● **Assignment**
Without changing anything, reproduce every record below.

··· Dataset records

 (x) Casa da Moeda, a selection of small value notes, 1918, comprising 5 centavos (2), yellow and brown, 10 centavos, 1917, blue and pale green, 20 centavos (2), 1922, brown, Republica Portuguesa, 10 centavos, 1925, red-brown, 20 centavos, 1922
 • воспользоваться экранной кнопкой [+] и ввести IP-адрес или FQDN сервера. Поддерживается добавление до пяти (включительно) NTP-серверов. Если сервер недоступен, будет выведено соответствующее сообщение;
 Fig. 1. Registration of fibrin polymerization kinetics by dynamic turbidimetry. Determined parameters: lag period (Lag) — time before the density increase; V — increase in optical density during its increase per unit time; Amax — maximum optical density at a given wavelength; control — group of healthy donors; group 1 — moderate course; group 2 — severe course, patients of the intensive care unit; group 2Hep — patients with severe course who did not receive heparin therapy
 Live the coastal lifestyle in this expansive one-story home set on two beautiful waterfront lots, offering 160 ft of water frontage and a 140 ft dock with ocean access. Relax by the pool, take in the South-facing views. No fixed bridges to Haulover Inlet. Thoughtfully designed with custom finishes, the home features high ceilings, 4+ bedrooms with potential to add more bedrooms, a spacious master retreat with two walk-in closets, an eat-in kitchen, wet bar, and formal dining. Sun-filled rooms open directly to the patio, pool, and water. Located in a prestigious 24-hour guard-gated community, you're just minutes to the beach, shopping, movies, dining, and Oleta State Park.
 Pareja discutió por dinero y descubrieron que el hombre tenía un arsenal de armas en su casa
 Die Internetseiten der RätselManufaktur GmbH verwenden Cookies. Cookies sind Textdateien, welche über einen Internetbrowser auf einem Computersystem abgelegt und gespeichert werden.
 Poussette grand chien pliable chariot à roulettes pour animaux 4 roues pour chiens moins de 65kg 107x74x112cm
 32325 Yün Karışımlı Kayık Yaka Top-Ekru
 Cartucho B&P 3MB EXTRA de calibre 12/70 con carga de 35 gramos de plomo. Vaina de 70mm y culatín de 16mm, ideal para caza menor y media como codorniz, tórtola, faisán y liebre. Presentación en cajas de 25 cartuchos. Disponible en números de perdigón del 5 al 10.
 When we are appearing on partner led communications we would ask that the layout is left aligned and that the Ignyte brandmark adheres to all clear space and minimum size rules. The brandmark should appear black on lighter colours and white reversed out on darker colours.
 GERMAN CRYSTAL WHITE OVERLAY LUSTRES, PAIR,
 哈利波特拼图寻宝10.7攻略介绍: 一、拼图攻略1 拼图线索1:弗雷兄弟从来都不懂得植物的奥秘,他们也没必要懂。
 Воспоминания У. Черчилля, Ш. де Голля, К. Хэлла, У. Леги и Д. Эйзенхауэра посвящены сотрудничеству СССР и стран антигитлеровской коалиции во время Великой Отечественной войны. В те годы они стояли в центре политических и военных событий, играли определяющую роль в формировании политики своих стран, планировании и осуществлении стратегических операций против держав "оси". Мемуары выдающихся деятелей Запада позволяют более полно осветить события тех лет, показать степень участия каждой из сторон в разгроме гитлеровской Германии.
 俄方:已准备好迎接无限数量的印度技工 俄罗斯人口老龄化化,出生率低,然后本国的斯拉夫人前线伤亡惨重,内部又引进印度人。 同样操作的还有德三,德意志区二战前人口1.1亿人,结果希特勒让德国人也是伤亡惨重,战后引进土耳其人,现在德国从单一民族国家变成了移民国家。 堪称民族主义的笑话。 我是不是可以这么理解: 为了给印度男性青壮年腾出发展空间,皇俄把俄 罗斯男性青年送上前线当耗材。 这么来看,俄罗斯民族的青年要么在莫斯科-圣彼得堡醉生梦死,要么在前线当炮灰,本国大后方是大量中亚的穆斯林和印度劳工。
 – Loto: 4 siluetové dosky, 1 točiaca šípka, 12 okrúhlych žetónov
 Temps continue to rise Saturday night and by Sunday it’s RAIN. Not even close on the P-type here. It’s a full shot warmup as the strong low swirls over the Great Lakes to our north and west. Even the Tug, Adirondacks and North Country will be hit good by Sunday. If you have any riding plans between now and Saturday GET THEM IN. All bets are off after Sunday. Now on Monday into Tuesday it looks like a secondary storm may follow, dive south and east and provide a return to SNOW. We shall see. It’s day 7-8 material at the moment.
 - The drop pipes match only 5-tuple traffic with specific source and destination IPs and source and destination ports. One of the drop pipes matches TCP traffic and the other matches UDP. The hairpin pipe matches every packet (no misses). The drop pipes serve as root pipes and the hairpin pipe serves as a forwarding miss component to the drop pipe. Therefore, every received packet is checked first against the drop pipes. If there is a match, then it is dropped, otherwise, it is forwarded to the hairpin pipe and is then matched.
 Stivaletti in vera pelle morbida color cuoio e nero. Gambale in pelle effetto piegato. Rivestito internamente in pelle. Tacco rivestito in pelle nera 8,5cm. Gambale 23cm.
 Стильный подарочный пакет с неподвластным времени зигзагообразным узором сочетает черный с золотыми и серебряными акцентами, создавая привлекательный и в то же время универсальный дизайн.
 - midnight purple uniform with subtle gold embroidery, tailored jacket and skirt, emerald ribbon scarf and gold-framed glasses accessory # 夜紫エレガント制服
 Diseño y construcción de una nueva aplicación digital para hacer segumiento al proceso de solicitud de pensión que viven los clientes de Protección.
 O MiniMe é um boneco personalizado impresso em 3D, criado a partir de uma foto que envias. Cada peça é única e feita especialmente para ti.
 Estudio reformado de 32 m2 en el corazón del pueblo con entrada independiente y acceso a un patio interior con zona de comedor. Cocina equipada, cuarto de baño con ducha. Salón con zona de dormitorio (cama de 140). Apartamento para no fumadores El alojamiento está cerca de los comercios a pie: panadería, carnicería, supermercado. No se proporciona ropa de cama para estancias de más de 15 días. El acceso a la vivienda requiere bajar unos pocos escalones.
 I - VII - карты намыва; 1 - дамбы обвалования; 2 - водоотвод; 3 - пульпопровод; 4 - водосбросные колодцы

······

● **Exercise result**
 (x) Casa da Moeda, a selection of small value notes, 1918, comprising 5 centavos (2), yellow and brown, 10 centavos, 1917, blue and pale green, 20 centavos (2), 1922, brown, Republica Portuguesa, 10 centavos, 1925, red-brown, 20 centavos, 1922
 • воспользоваться экранной кнопкой [+] и ввести IP-адрес или FQDN сервера. Поддерживается добавление до пяти (включительно) NTP-серверов. Если сервер недоступен, будет выведено соответствующее сообщение;
 Fig. 1. Registration of fibrin polymerization kinetics by dynamic turbidimetry. Determined parameters: lag period (Lag) — time before the density increase; V — increase in optical density during its increase per unit time; Amax — maximum optical density at a given wavelength; control — group of healthy donors; group 1 — moderate course; group 2 — severe course, patients of the intensive care unit; group 2Hep — patients with severe course who did not receive heparin therapy
 Live the coastal lifestyle in this expansive one-story home set on two beautiful waterfront lots, offering 160 ft of water frontage and a 140 ft dock with ocean access. Relax by the pool, take in the South-facing views. No fixed bridges to Haulover Inlet. Thoughtfully designed with custom finishes, the home features high ceilings, 4+ bedrooms with potential to add more bedrooms, a spacious master retreat with two walk-in closets, an eat-in kitchen, wet bar, and formal dining. Sun-filled rooms open directly to the patio, pool, and water. Located in a prestigious 24-hour guard-gated community, you're just minutes to the beach, shopping, movies, dining, and Oleta State Park.
 Pareja discutió por dinero y descubrieron que el hombre tenía un arsenal de armas en su casa
 Die Internetseiten der RätselManufaktur GmbH verwenden Cookies. Cookies sind Textdateien, welche über einen Internetbrowser auf einem Computersystem abgelegt und gespeichert werden.
 Poussette grand chien pliable chariot à roulettes pour animaux 4 roues pour chiens moins de 65kg 107x74x112cm
 32325 Yün Karışımlı Kayık Yaka Top-Ekru
 Cartucho B&P 3MB EXTRA de calibre 12/70 con carga de 35 gramos de plomo. Vaina de 70mm y culatín de 16mm, ideal para caza menor y media como codorniz, tórtola, faisán y liebre. Presentación en cajas de 25 cartuchos. Disponible en números de perdigón del 5 al 10.
 When we are appearing on partner led communications we would ask that the layout is left aligned and that the Ignyte brandmark adheres to all clear space and minimum size rules. The brandmark should appear black on lighter colours and white reversed out on darker colours.
 GERMAN CRYSTAL WHITE OVERLAY LUSTRES, PAIR,
 哈利波特拼图寻宝10.7攻略介绍: 一、拼图攻略1 拼图线索1:弗雷兄弟从来都不懂得植物的奥秘,他们也没必要懂。
 Воспоминания У. Черчилля, Ш. де Голля, К. Хэлла, У. Леги и Д. Эйзенхауэра посвящены сотрудничеству СССР и стран антигитлеровской коалиции во время Великой Отечественной войны. В те годы они стояли в центре политических и военных событий, играли определяющую роль в формировании политики своих стран, планировании и осуществлении стратегических операций против держав "оси". Мемуары выдающихся деятелей Запада позволяют более полно осветить события тех лет, показать степень участия каждой из сторон в разгроме гитлеровской Германии.
 俄方:已准备好迎接无限数量的印度技工 俄罗斯人口老龄化化,出生率低,然后本国的斯拉夫人前线伤亡惨重,内部又引进印度人。 同样操作的还有德三,德意志区二战前人口1.1亿人,结果希特勒让德国人也是伤亡惨重,战后引进土耳其人,现在德国从单一民族国家变成了移民国家。 堪称民族主义的笑话。 我是不是可以这么理解: 为了给印度男性青壮年腾出发展空间,皇俄把俄 罗斯男性青年送上前线当耗材。 这么来看,俄罗斯民族的青年要么在莫斯科-圣彼得堡醉生梦死,要么在前线当炮灰,本国大后方是大量中亚的穆斯林和印度劳工。
 – Loto: 4 siluetové dosky, 1 točiaca šípka, 12 okrúhlych žetónov
 Temps continue to rise Saturday night and by Sunday it’s RAIN. Not even close on the P-type here. It’s a full shot warmup as the strong low swirls over the Great Lakes to our north and west. Even the Tug, Adirondacks and North Country will be hit good by Sunday. If you have any riding plans between now and Saturday GET THEM IN. All bets are off after Sunday. Now on Monday into Tuesday it looks like a secondary storm may follow, dive south and east and provide a return to SNOW. We shall see. It’s day 7-8 material at the moment.
 - The drop pipes match only 5-tuple traffic with specific source and destination IPs and source and destination ports. One of the drop pipes matches TCP traffic and the other matches UDP. The hairpin pipe matches every packet (no misses). The drop pipes serve as root pipes and the hairpin pipe serves as a forwarding miss component to the drop pipe. Therefore, every received packet is checked first against the drop pipes. If there is a match, then it is dropped, otherwise, it is forwarded to the hairpin pipe and is then matched.
 Stivaletti in vera pelle morbida color cuoio e nero. Gambale in pelle effetto piegato. Rivestito internamente in pelle. Tacco rivestito in pelle nera 8,5cm. Gambale 23cm.
 Стильный подарочный пакет с неподвластным времени зигзагообразным узором сочетает черный с золотыми и серебряными акцентами, создавая привлекательный и в то же время универсальный дизайн.
 - midnight purple uniform with subtle gold embroidery, tailored jacket and skirt, emerald ribbon scarf and gold-framed glasses accessory # 夜紫エレガント制服
 Diseño y construcción de una nueva aplicación digital para hacer segumiento al proceso de solicitud de pensión que viven los clientes de Protección.
 O MiniMe é um boneco personalizado impresso em 3D, criado a partir de uma foto que envias. Cada peça é única e feita especialmente para ti.
 Estudio reformado de 32 m2 en el corazón del pueblo con entrada independiente y acceso a un patio interior con zona de comedor. Cocina equipada, cuarto de baño con ducha. Salón con zona de dormitorio (cama de 140). Apartamento para no fumadores El alojamiento está cerca de los comercios a pie: panadería, carnicería, supermercado. No se proporciona ropa de cama para estancias de más de 15 días. El acceso a la vivienda requiere bajar unos pocos escalones.
 I - VII - карты намыва; 1 - дамбы обвалования; 2 - водоотвод; 3 - пульпопровод; 4 - водосбросные колодцы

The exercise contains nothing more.